Kenya’s The Star, quoting a forensics doctor, said all of the victims were mutilated. Britain’s Daily Mailreported children stashed in refrigerators with knives in their bodies.

“You find people with hooks hanging from the roof. They removed eyes, ears, nose. Actually if you look at all the bodies, unless those ones that were escaping, fingers are cut by pliers, the noses are ripped by pliers,” said the doctor. The Star said he declined to give his name.

The FBI has been looking into Shabab recruits from the Minnesota Somali community, some 20 of whom are believed to have gone to Africa to join the jihad. Kenyan authorities believe seven of the Shabab who assaulted the mall might be Minnesotans, though this hasn’t been confirmed yet.

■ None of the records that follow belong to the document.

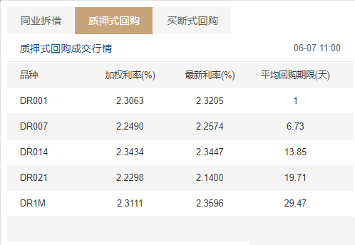 中国央行继续开展100亿元逆回购操作,持平到期。早盘银行间隔夜质押式回购加权平均利率续涨并迈向2月来最高;七天升幅稍逊,且与隔夜继续倒挂。截至北京时间11:00,1天期回购利率涨12个基点,报2.3063%;7天期回购利率涨7个基点,报2.2490%。彭博援引交易员称,早盘大行等融出有限,隔夜资金尤其紧张,非银有一些融出但还是满足不了需求。
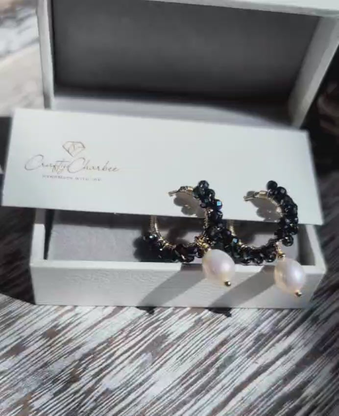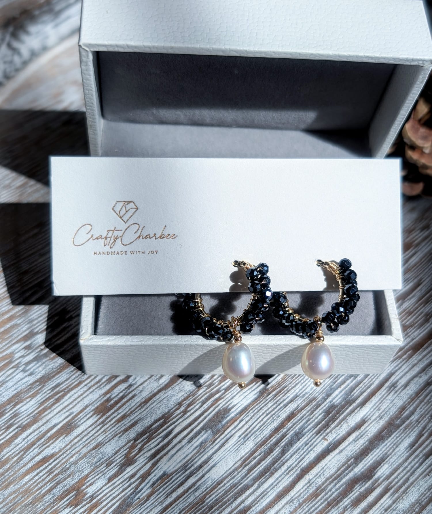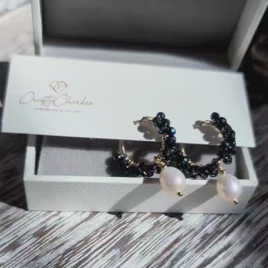 Add a touch of mystery and sophistication to your jewelry collection with our Black Spinel Pearl Earrings, part of The Sparkling Halo Collection. These bold and modern earrings feature dazzling black spinel gemstones arranged in a sleek semi-circle, complemented by a luminous freshwater pearl drop—a perfect balance of elegance and intrigue.
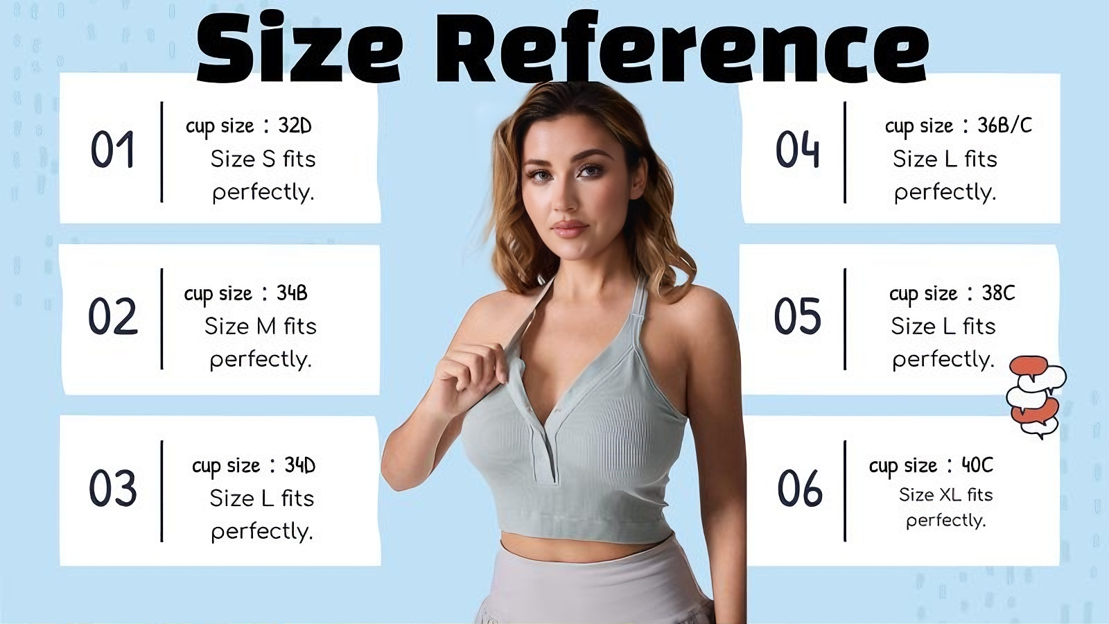 It’s typically available in standard sizes (S/M/L/XL/XXL, etc.) — the ribbed fabric offers stretch, but we recommend checking the size chart for your bust measurements for the best fit.
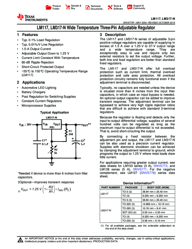 LM317S/NOPB Standard Regulator Pos 1.2V to 37V 1A 4-Pin(3+Tab) SOT-223 T/R

Naturally, the US paper of record worries about the real victims: the Somali immigrants in Minnesota who might face stigma from their American neighbors. And you know, that’s a legitimate story. The NYT published an op-ed piece by a US journalist who has spent time in that community, and he says the radicals exist, but are few. OK, fine. But how many stories has the Times done exploring the world of the Somali immigrant community in Minnesota, and the role radical Islam plays within it? On that topic, searching for “Shabab” and “Minnesota” on the Times website returns this story from 2009 which barely touches on it; it reports :

The case represents the largest group of American citizens suspected of joining an extremist movement affiliated with Al Qaeda, senior officials said. Many of the recruits had come to America as young refugees fleeing a brutal civil war, only to settle in a gang-ridden enclave of Minneapolis.

The men named on Monday face federal charges including perjury, providing material support to a terrorist organization and conspiring to kill, maim, kidnap or injure people outside the United States.

Law enforcement officials are concerned that the recruits, who hold American passports, could be commissioned to return to the United States to carry out attacks here, though so far there is no evidence of such plots.

“The potential implications to national security are significant,” said Ralph S. Boelter, the special agent in charge of the Minneapolis field office of theFederal Bureau of Investigation. He added that the nationwide inquiry would continue with the cooperation of many Somali immigrants and that more arrests might be coming.

It also returns a story from the same time that gets into it pretty well. It gets into the process of how these young Somali men became radicalized, though it might have done more to explore the role of the mosque where some of the recruiting took place, and the family cultures. Still, it was helpful. But it came out four years ago. Four years ago, the government won terrorism indictments against 20 of the young Somali-American men in Minnesota for their participation in the Shabab. How have things changed — or not changed — in the Somali community in Minnesota since then? Is the Times interested? Is it as least as interested in that question as it is in whether or not some Joe Bob in Minnesota is going to think ill of Somali Muslims living in his state because some of them went overseas and may have been involved in torture and terror against innocent civilians in the name of jihad?

It is so wearisome how whenever something like this happens, the first reaction of so many American journalists is that putative rednecks drawing unkind conclusions are the worst threat. Yes, this is a perpetual bee in my bonnet.